Dellara looked back over her shoulder, the shadows darting round the edge of her irises thickening like smoke. ‘No, you’re mistaken. Queens are powerful.’ With a flourish, she extracted a gunmetal-grey gown that skimmed along the collarbone and bared shoulders, with glittering silver thorns dripping from the belted waist. It came to a finish in knee-length, jagged flutters.

Marietta considered it. In Nottingham, she had dressed for ballet or for society. Function or etiquette. The gown Dellara was proposing was for her own enticement only. ‘Will you and Pirlipata not mind lending me access to your wardrobe? I do apologise for intruding on your space; as I mentioned, I was unaware that this would be the situation.’

‘Yes, I realise that.’ Dellara gave her a searching look. ‘I have my own armoire that’s off limits to you.’ A wisp of sadness tugged the corner of her lips down. ‘And Pirlipata wears only gold.’

Marietta didn’t wish to probe that sadness. Dellara busied herself with fishing through a drawer with fresh determination. ‘Wear it with these,’ she added, passing Marietta a pair of thin, light trousers in a rich sapphire shade before flopping back onto a chaise as if the whole experience had been greatly taxing.

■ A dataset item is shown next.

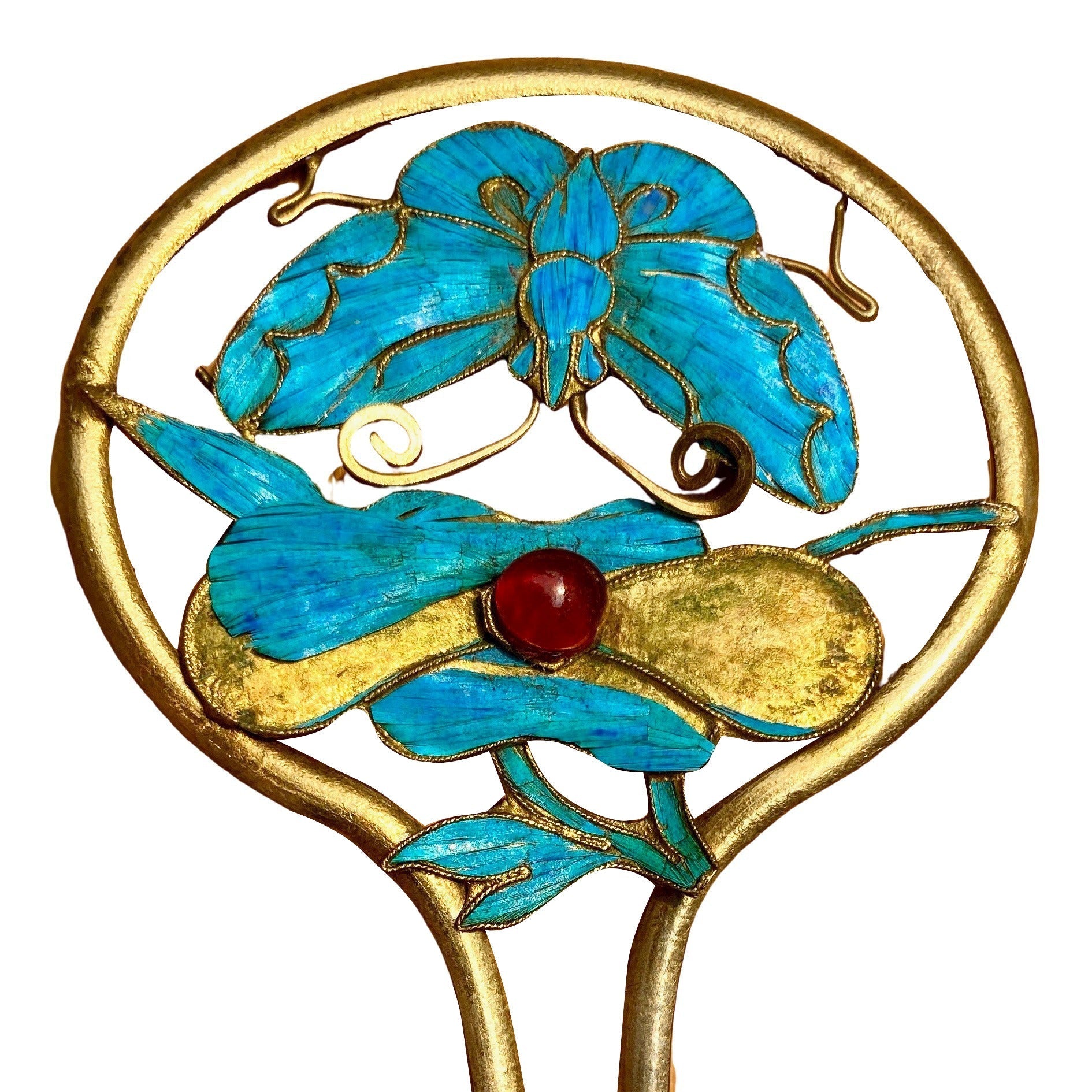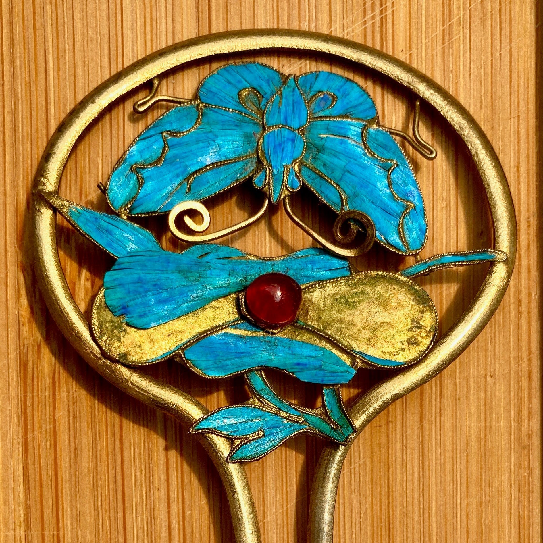 Known as üc´ä / µã´ä to the Chinese, Tian-Tsui translates to dotting with kingfishers. Its a traditional practice in which tiny kingfisher feathers were cut to size and incorporated into sterling silver and silver gilt jewelry to create a dazzling fluorescent blue finish. The technique was lost with the Chinese cultural revolution in the 1940's.

Her mother would have been scandalised at the form-fitting trousers that clung to her hips. To Marietta, they were as liberating as her ballet dresses. She pirouetted on the polished lilac stone floor, her skirts flaring out, emitting a scent of winter jasmine and snow.

When Marietta’s summons from the king came, she was prepared. Two faceless guards escorted her down the stairs. She marched ahead of them, down the candy-cane-striped steps, discomfited by their presence and their masked faces, blank as dolls. Perhaps the forest was more dangerous than anyone was letting on to necessitate them. Her view stretched to rows above and below, the central throne room the core of the palace. The single door was guarded by another pair of faceless guards. Next to it, remnants of a lost mosaic clung to the sugar wall.

Golden cage-lifts glided up and down, the glossy obsidian flooring now emptied from the grand ball she’d danced her way into the previous night, leaving the throne on prominent display. The king reclined there, outfitted in an icy blue creation beneath a shocking lime cape, shot through with gold. He was deep in conversation with the captain.